Немой учитель - Аренев Владимир. Страница 11

— Псы! — прошептал Эллильсар, отбиваясь от наседающих вольных братьев, а попросту — беглых смердов. Он пытался пробраться к Моррелу и Таллибу, но первая же волна схватки отбросила его прочь; больше такой возможности не представлялось.

— Псы! — повторял он снова и снова, раскраивая одетые в шлемы и незащищенные черепа, отрубая руки с жадными корявыми пальцами, пронзая шеи и, не желая, но все же глядя в умирающие глаза смердов. — Псы! Псы!

Где-то сбоку и сзади Моррел, защищая своим конем Готарка Насу-Эльгада, продолжал отбиваться от наседающих вольных братьев.

Их колыхало в алой брызжущей дымке сражения, а потом внезапно все прекратилось. Смерды отхлынули, лес ощетинился луками и самострелами, так что не было никакой возможности сбежать, даже пошевелиться. Анвальда, решившего, что теперь выдалась тот единственный шанс, которым не стоит пренебрегать, сбили на скаку сразу несколько стрел — хотя коня пощадили, и это лишний раз указало окруженным на то, что вольные братья успели вдоволь натренироваться. Пощады не будет. А будет плен, непременно — унижение, долгие дни впроголодь, потом — может быть — выкуп. Или же смерть.

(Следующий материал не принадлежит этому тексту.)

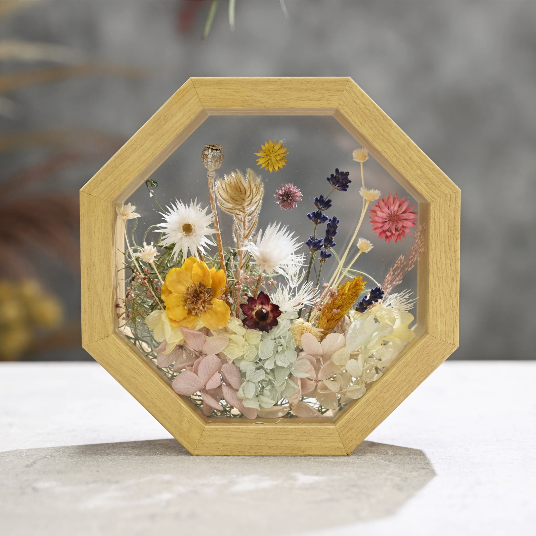 置き型木製ガラスフレームの中に鮮やかなドライフラワー、プリザーブドフラワーを閉じ込めたフレームフラワー。お手入れ不要でご自宅のインテリアやギフトにおすすめです。

Для большинства все же смерть: кто станет платить за их существование водой и пищей, когда последних и так мало; кому нужны лишние рты, даже в семьях высоких господ? Проще устроить несчастный случай, опоздать к месту сделки, потеряться по дороге.

Видимо, это понимали и вольные братья. Они приказали слезть с лошадей и раздеться. При себе было позволено оставить самый минимум вещей, без которых не прожить.

Эллильсар с коня слазить не стал, — как и Моррел, как и Таллиб.

Главарь вольных братьев повернулся к ним троим, поднял бровь, потом неожиданно рассмеялся, зло и смело — в былые времена за такой смех смерду оторвали бы язык. «Но времена эти давным-давно прошли, — напомнил себе Эллильсар, — нынче другие обычаи… хотя я и не собираюсь сдаваться этому поганцу».

— Да это, никак, тот самый господин, — говорил вольный брат, разглядывая Моррела. — Да-да, тот самый, господин учитель принца. Оставьте его в покое, — велел он остальным. — Этот человек был добр ко мне.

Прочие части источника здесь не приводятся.